Problem statement:
From the line containing "رد: سلسلة المثلثات" to the line containing "3D Wood World" in the entries below, reproduce every line exactly, ends included. Nothing else belongs in the copy, and no pictures.

Recorded data:

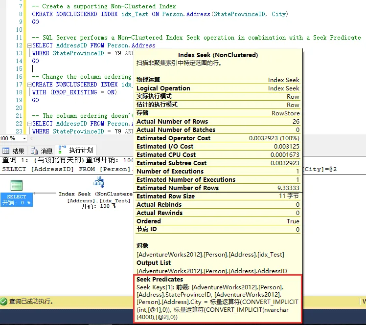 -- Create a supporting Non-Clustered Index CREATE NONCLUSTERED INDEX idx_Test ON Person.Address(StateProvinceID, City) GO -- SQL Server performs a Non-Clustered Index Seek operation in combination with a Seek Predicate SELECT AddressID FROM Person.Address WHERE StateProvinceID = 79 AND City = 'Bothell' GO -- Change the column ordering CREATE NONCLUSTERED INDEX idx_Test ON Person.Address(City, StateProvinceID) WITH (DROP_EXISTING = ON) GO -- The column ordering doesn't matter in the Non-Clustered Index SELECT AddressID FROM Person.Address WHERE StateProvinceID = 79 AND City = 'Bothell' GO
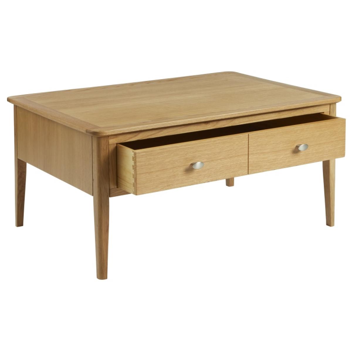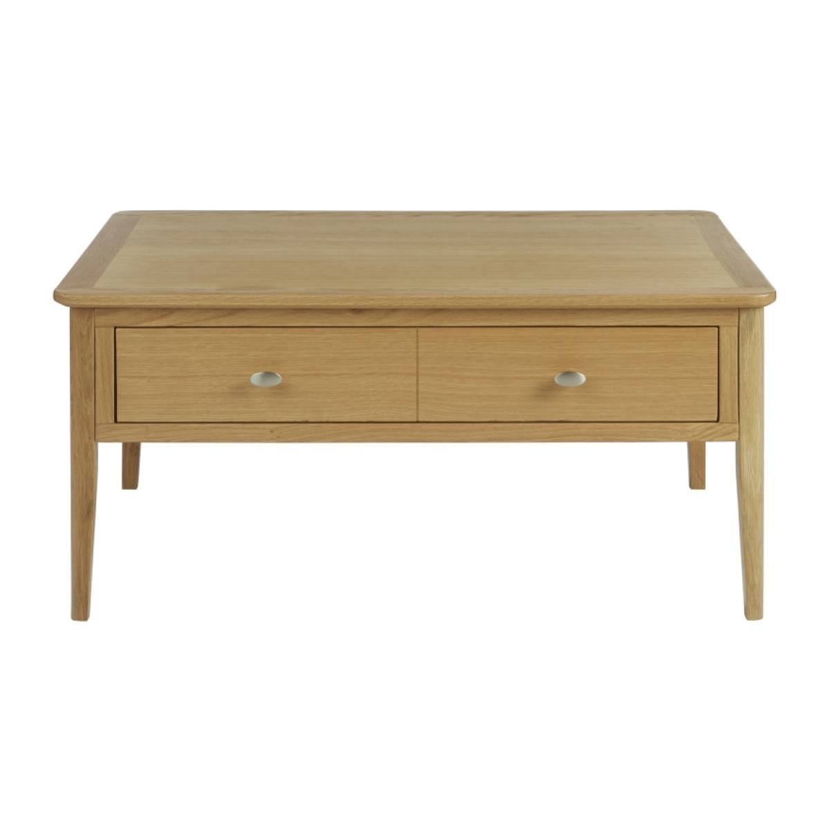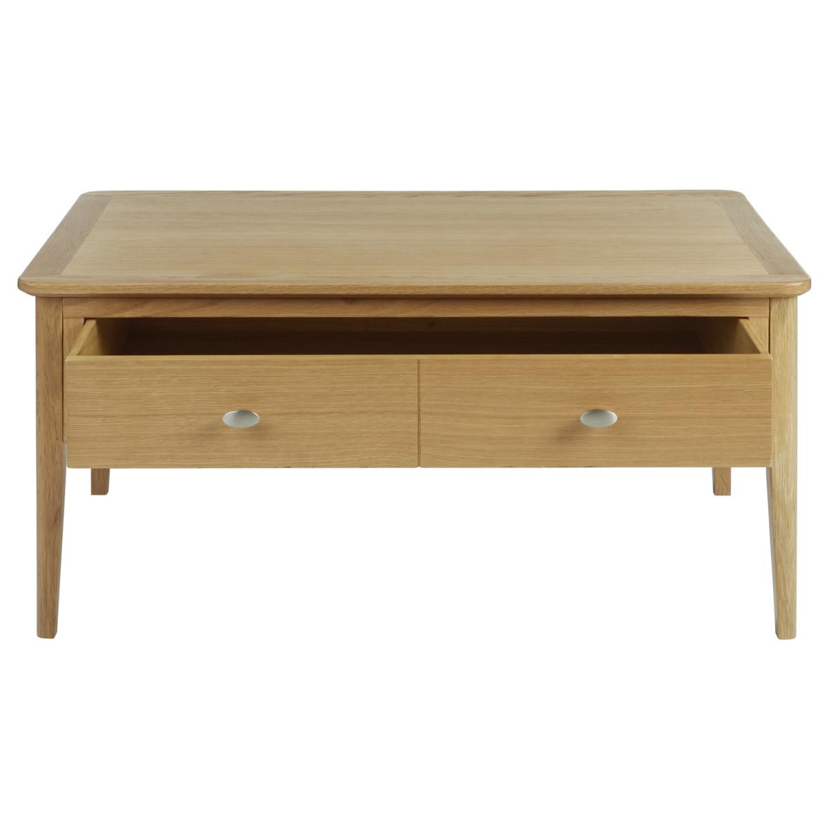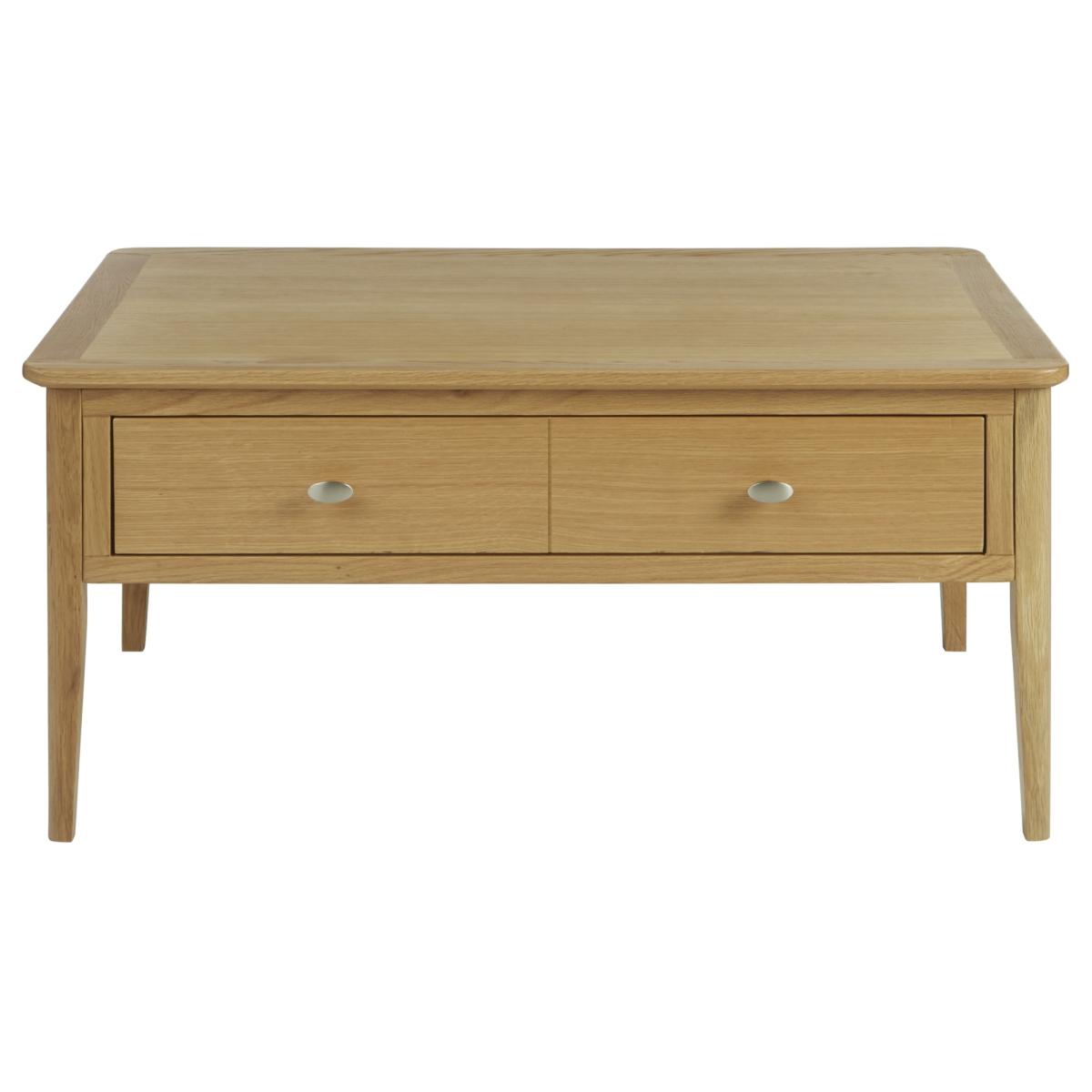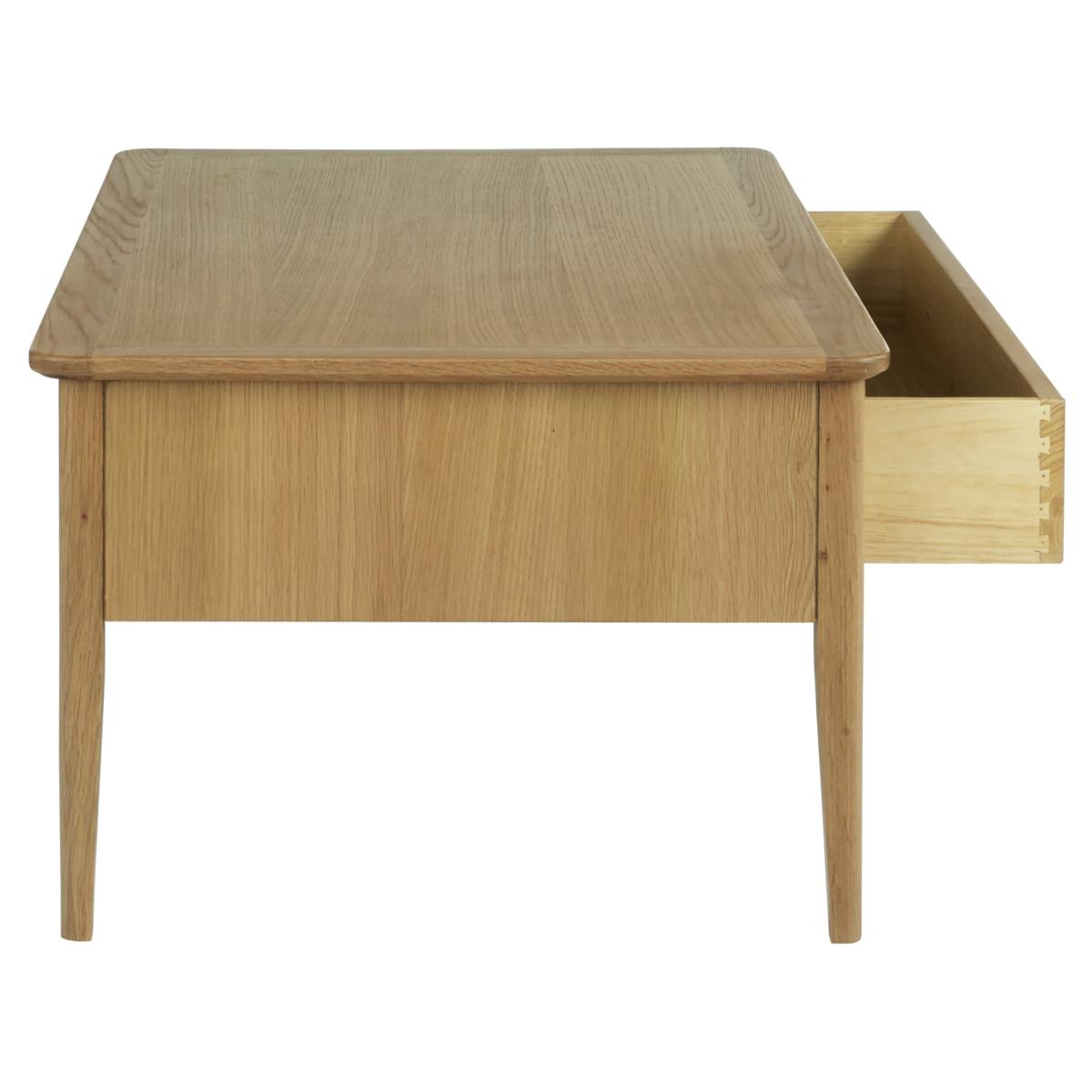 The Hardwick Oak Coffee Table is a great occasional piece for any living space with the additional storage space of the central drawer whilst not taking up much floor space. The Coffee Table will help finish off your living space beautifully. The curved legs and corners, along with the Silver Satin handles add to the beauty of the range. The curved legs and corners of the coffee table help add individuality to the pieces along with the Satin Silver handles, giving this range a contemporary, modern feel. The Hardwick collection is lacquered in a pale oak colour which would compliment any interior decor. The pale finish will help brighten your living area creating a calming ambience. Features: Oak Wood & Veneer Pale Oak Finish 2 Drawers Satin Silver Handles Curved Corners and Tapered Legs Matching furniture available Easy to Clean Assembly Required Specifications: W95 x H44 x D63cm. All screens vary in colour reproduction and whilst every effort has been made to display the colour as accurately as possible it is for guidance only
* * *
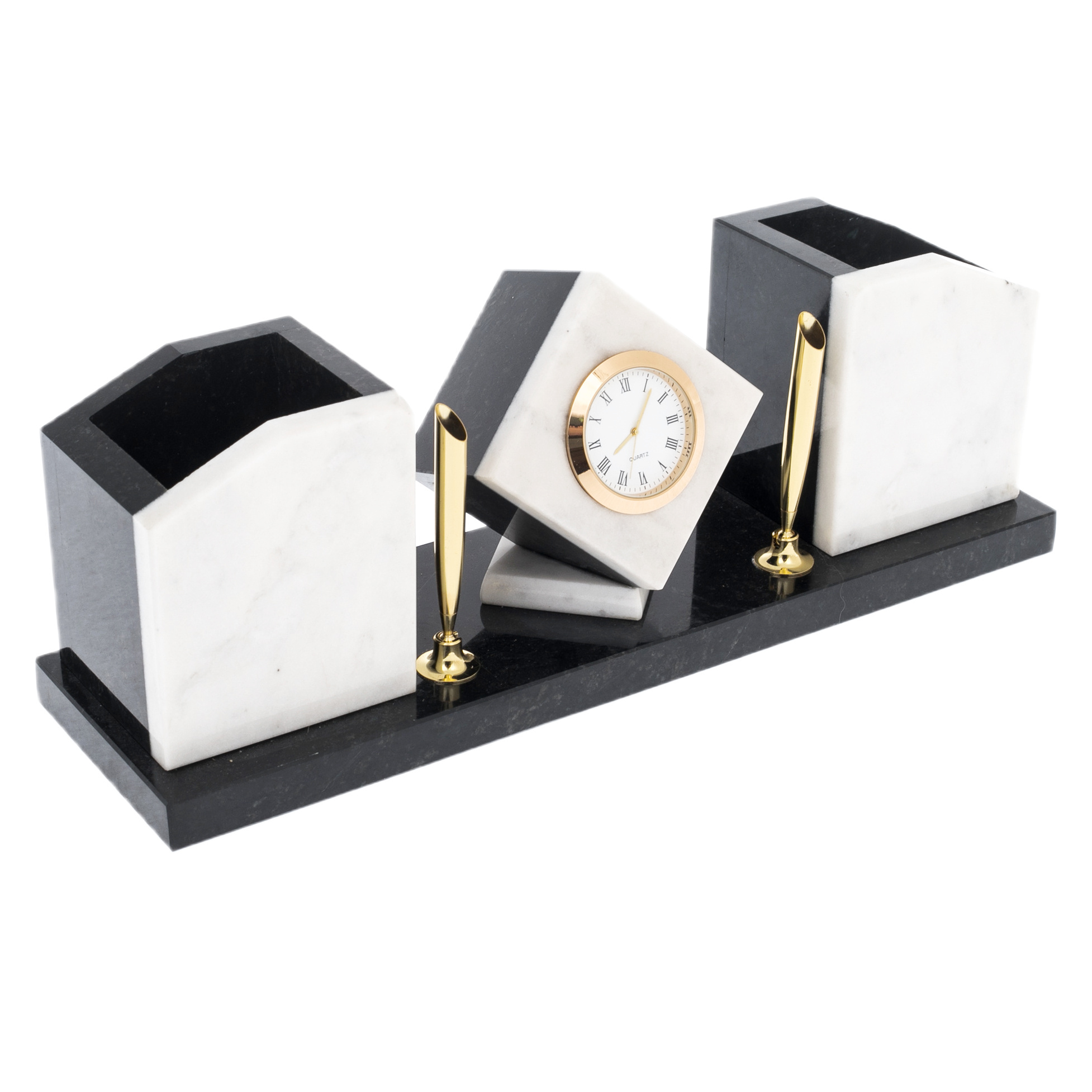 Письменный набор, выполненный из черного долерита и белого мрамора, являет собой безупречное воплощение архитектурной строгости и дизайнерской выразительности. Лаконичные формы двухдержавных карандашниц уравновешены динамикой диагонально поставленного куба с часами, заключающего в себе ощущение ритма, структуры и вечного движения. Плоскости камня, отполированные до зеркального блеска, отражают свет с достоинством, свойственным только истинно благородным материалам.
...
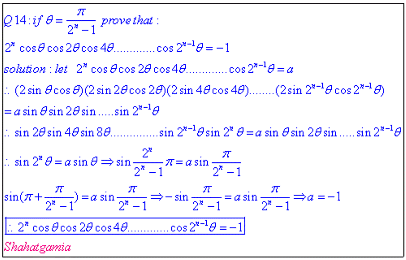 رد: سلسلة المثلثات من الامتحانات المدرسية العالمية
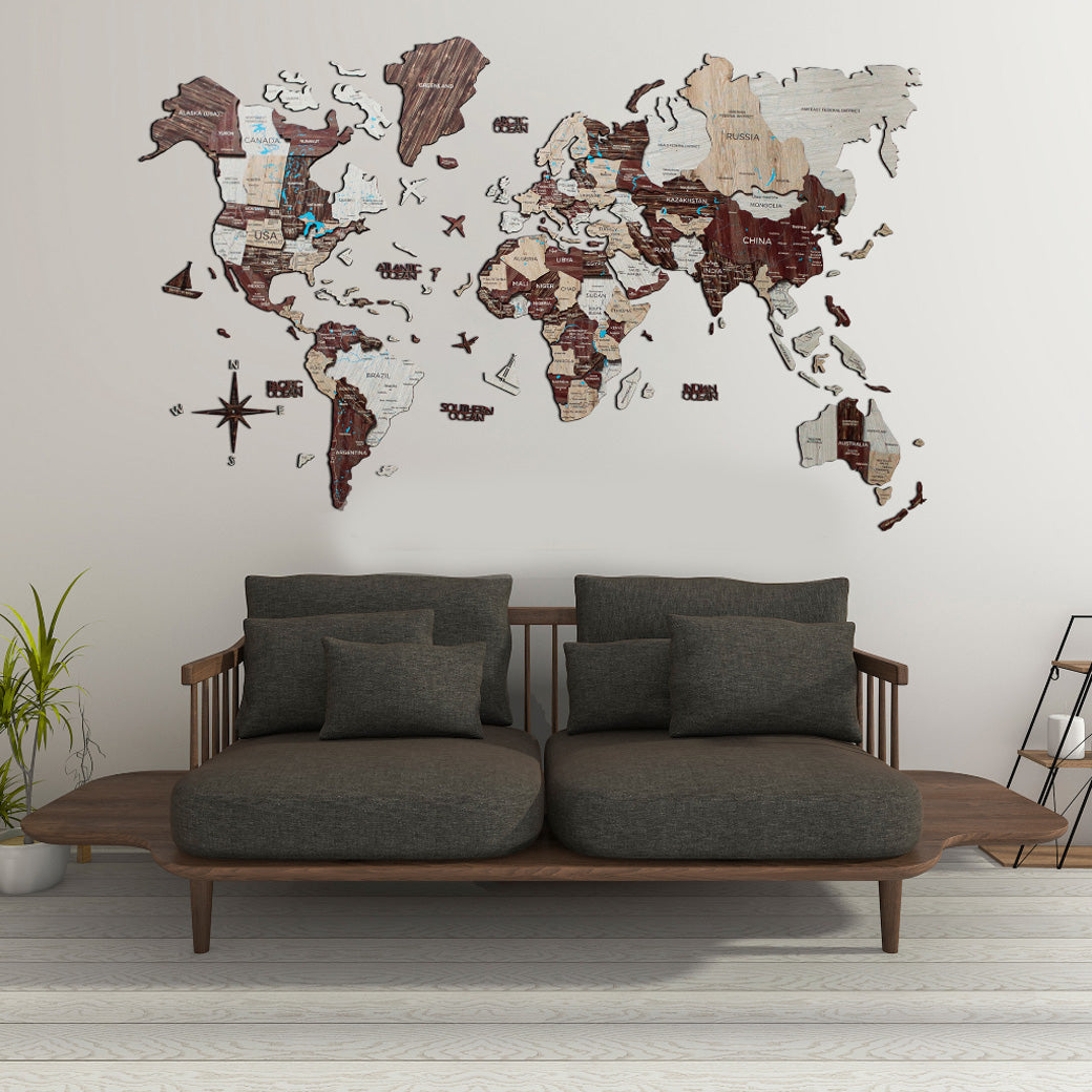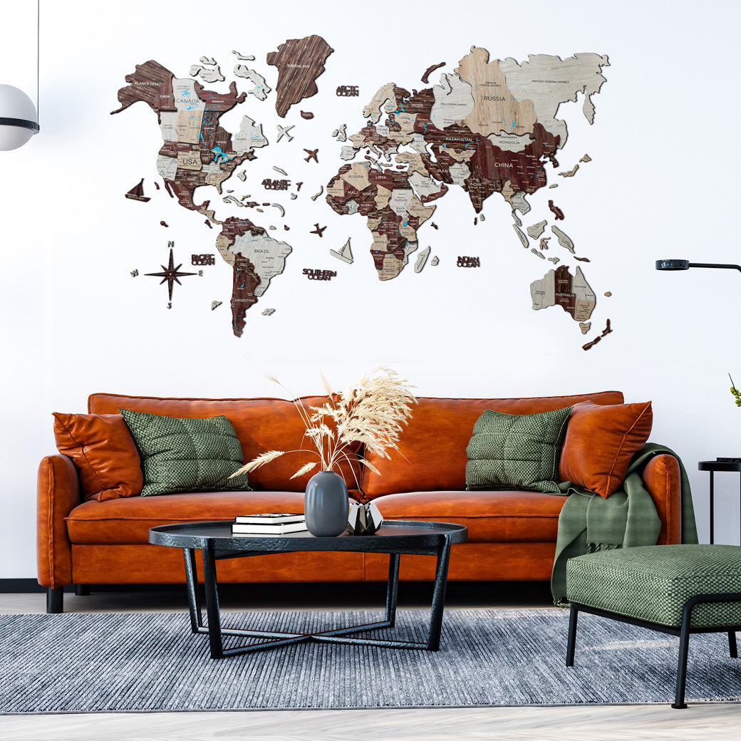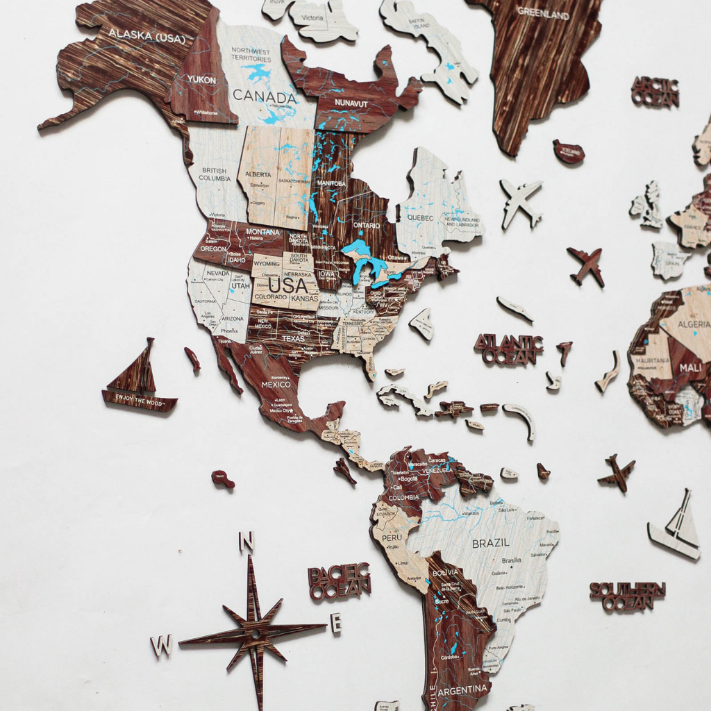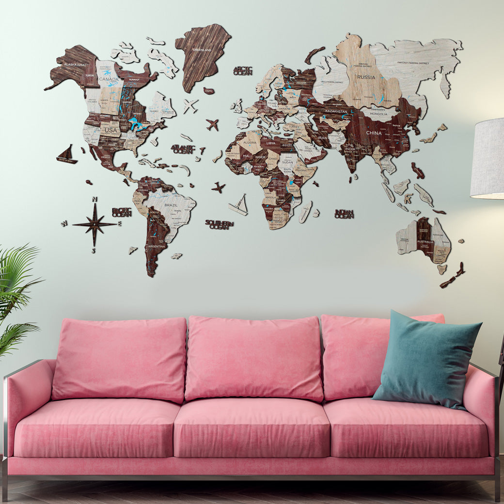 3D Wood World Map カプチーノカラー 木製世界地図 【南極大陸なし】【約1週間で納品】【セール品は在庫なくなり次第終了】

Exercise result:
 رد: سلسلة المثلثات من الامتحانات المدرسية العالمية
 3D Wood World Map カプチーノカラー 木製世界地図 【南極大陸なし】【約1週間で納品】【セール品は在庫なくなり次第終了】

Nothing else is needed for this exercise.